**What to produce**
Exact wording is required for every entry; transcribe all of them and leave the images out.

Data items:
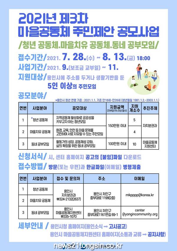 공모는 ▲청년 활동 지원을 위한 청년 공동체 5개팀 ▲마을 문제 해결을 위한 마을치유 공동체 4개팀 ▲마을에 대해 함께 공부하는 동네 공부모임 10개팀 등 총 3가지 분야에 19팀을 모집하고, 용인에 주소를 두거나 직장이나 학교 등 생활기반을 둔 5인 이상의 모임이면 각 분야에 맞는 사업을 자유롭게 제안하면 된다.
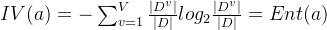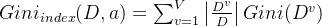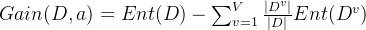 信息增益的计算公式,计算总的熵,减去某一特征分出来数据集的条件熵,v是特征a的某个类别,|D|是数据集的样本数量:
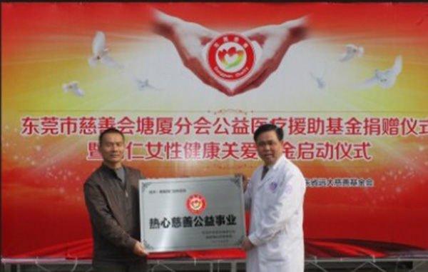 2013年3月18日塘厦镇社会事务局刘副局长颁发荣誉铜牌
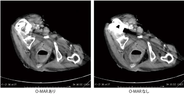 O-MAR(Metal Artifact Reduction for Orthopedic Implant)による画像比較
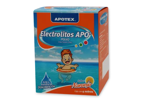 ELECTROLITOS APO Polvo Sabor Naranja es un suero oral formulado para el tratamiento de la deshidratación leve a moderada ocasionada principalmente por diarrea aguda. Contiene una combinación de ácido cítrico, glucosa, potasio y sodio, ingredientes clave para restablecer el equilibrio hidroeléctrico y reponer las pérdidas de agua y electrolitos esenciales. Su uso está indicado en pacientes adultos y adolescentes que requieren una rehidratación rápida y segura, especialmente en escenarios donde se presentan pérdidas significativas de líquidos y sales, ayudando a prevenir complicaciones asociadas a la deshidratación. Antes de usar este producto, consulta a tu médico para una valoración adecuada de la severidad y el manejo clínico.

**Answer space**
 공모는 ▲청년 활동 지원을 위한 청년 공동체 5개팀 ▲마을 문제 해결을 위한 마을치유 공동체 4개팀 ▲마을에 대해 함께 공부하는 동네 공부모임 10개팀 등 총 3가지 분야에 19팀을 모집하고, 용인에 주소를 두거나 직장이나 학교 등 생활기반을 둔 5인 이상의 모임이면 각 분야에 맞는 사업을 자유롭게 제안하면 된다.
 信息增益的计算公式,计算总的熵,减去某一特征分出来数据集的条件熵,v是特征a的某个类别,|D|是数据集的样本数量:
 2013年3月18日塘厦镇社会事务局刘副局长颁发荣誉铜牌
 O-MAR(Metal Artifact Reduction for Orthopedic Implant)による画像比較
 ELECTROLITOS APO Polvo Sabor Naranja es un suero oral formulado para el tratamiento de la deshidratación leve a moderada ocasionada principalmente por diarrea aguda. Contiene una combinación de ácido cítrico, glucosa, potasio y sodio, ingredientes clave para restablecer el equilibrio hidroeléctrico y reponer las pérdidas de agua y electrolitos esenciales. Su uso está indicado en pacientes adultos y adolescentes que requieren una rehidratación rápida y segura, especialmente en escenarios donde se presentan pérdidas significativas de líquidos y sales, ayudando a prevenir complicaciones asociadas a la deshidratación. Antes de usar este producto, consulta a tu médico para una valoración adecuada de la severidad y el manejo clínico.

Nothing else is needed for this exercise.